> _Supplied material_
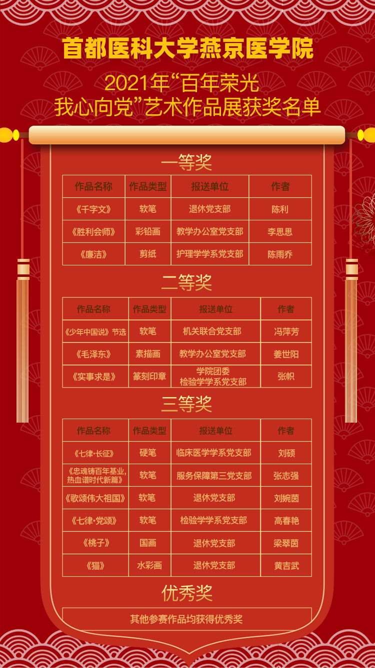 本次主题展览激励了上海麻将 广大师生党员干部群众用党的百年奋斗历程和伟大成就鼓舞斗志、明确方向,用党的百年光荣传统和优良作风坚定信念、凝聚力量。最终,经上海麻将 专家评审团和师生代表投票,共选出一等奖3名,二等奖3名,三等奖6名和数名优秀奖。
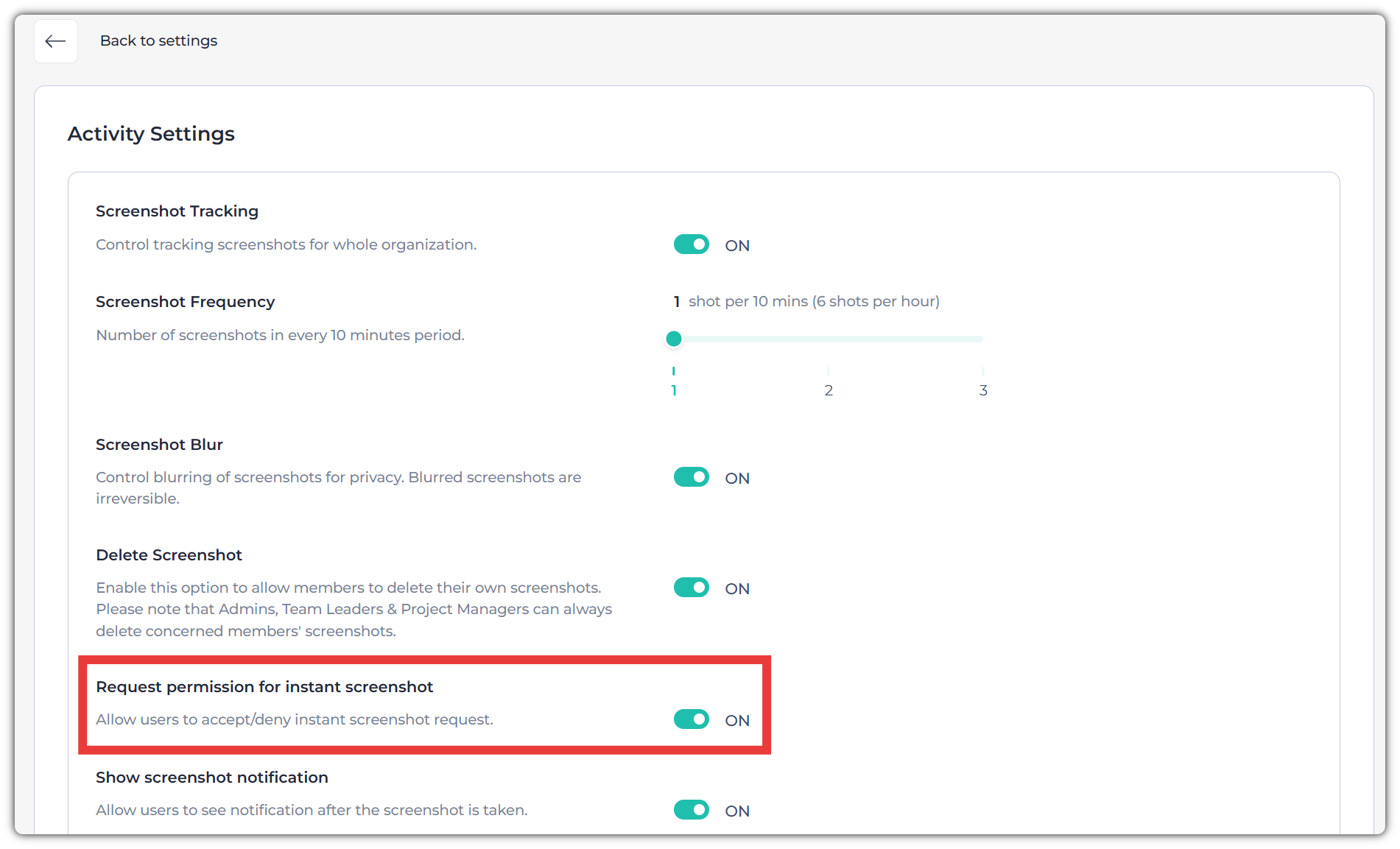 After clicking on 'Take Screenshot', your employee will need to permit the capture of their screen. That's why the status Pending will be shown. You can turn the settings off from activity settings.
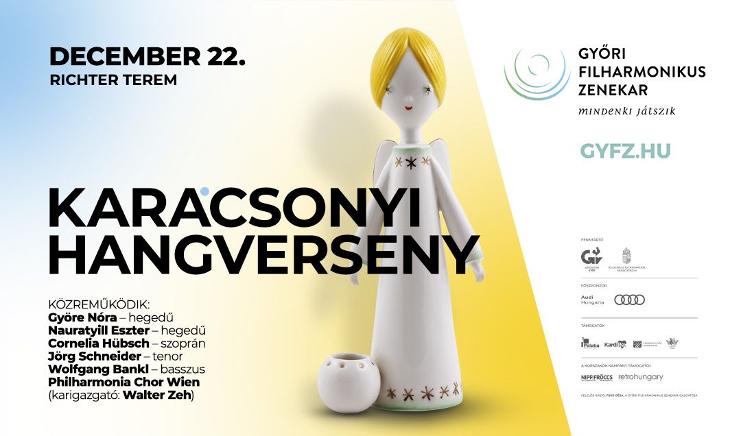 A Győri Filharmonikus Zenekar karácsonyi hangversenyének műsorát Vivaldi ragyogó Gloriájának részlete indítja, majd Johann Sebastian Bach a nagy olasz kortársak concertóit zseniálisan továbbgondoló, két hegedűre és zenekarra szánt d-moll kettősversenye folytatja Györe Nóra és Nauratyill Eszter hegedűművészek szólójával. A Johann Sebastian Bach művészetét újra felfedező Mendelssohn zeneszerzőként is méltó módon lépett a nagy előd nyomába: 1831-ben Rómában komponálta meg a Bach által is rendkívül kedvelt „Vom Himmel hoch da komm ich her” kezdetű szép Luther-éneket feldolgozó, a barokk és a romantika elemeit mesterien ötvöző korálkantátáját. A koncert második felében az olasz opera történetének egyik legnagyobb alakja, Giacomo Puccini fiatalkori remeklése, az 1880-ban még a hivatalos zeneszerzés-tanulmányok előtt komponált, az olasz opera bel canto-varázsát sugárzó Messa di Gloria csendül fel. A koncerten közreműködnek Cornelia Hübsch, Jörg Schneider és Wolfgang Bankl énekművészek, valamint a Philharmonia Chor Wien nagyszerű társulata. Az est dirigense a Győri Filharmonikus Zenekarral intenzív művészi kapcsolatokat ápoló neves osztrák karmester, Norbert Pfafflmeyer lesz.

> _Work to be completed_
Could you copy, exactly and with no pictures, each line from the first one above to the line holding "After clicking on"?

> _Your response_
 本次主题展览激励了上海麻将 广大师生党员干部群众用党的百年奋斗历程和伟大成就鼓舞斗志、明确方向,用党的百年光荣传统和优良作风坚定信念、凝聚力量。最终,经上海麻将 专家评审团和师生代表投票,共选出一等奖3名,二等奖3名,三等奖6名和数名优秀奖。
 After clicking on 'Take Screenshot', your employee will need to permit the capture of their screen. That's why the status Pending will be shown. You can turn the settings off from activity settings.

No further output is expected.